Маршал снова был серьезен, но в глазах все еще плясали демоны саари, рожденные благословением Кайоры. Неожиданная ванна здорово подняла Коту настроение. Вот и пойми их, этих аристократов в неизвестно каком колене…
Маркиз встал напротив окна, поднял руки и немедленно ощутил дуновение приятного, теплого ветра.
— Что мы будем здесь делать? — спросил он, —
— О, нет! — рассмеялся Эшери, — Все сложнее. Но ненамного. В распоряжении дипломата всего три средства, ты запомнишь их легко: убеждение, компромисс и угроза.
— И все? — удивился Маркиз, с удовольствием ощущая, что одежда снова стала сухой и приятной, — Но, если все так просто, в чем же тогда состоит то самое пресловутое искусство дипломатии?
— В том, чтобы в каждый конкретный момент выбирать правильное средство. Сейчас будет небольшой фуршет. Мы потолкаемся среди гостей и будем всем мило улыбаться.
— И бритым тоже?
— Этим — в особенности. Тебе придется намазать себе язык патокой с двух сторон. Что бы ты ни услышал и как бы сильно это тебя не возмутило, из твоего рта должен литься только мед, один мед и ничего кроме меда… Ну, в крайнем случае — сироп.
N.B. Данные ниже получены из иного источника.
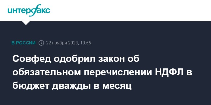 Согласно действующему законодательству, налоговые агенты обязаны перечислять НДФЛ один раз в месяц - за период с 23-го числа предыдущего месяца по 22-е число текущего месяца не позднее 28-го числа текущего месяца. Одобренный сенаторами закон обязывает агентов с 2024 года перечислять НДФЛ в бюджет дважды в месяц: не позднее 28-го числа (за период с 1-го по 22-е число текущего месяца) и не позднее 5-го числа (за период с 23-го числа предыдущего месяца по последнее число текущего месяца).

— Но что они могут мне сказать? — пожал плечами Маркиз, — мы ведь не знаем друг друга…
— Может быть. А возможно им что-то о тебе известно. Возможно, даже многое. Я не удивлюсь, если наши противники пройдутся по прошлому твоей матери. К примеру.
— И что, я должен буду им это спустить и спокойно утереться? — ощетинился Маркиз.
— Безусловно — нет. Ты должен их осадить. Но при этом умудриться облечь свою мысль в самую мягкую форму и — чтобы она произвела самое жесткое впечатление.
— Это будет сложнее, чем резать отряды Демона.
— Держись. Последний легкий день был вчера.
Вокруг Эшери тоже завертелась воронка теплого воздуха и через несколько мгновений он поправил воротник абсолютно сухого, безупречного костюма.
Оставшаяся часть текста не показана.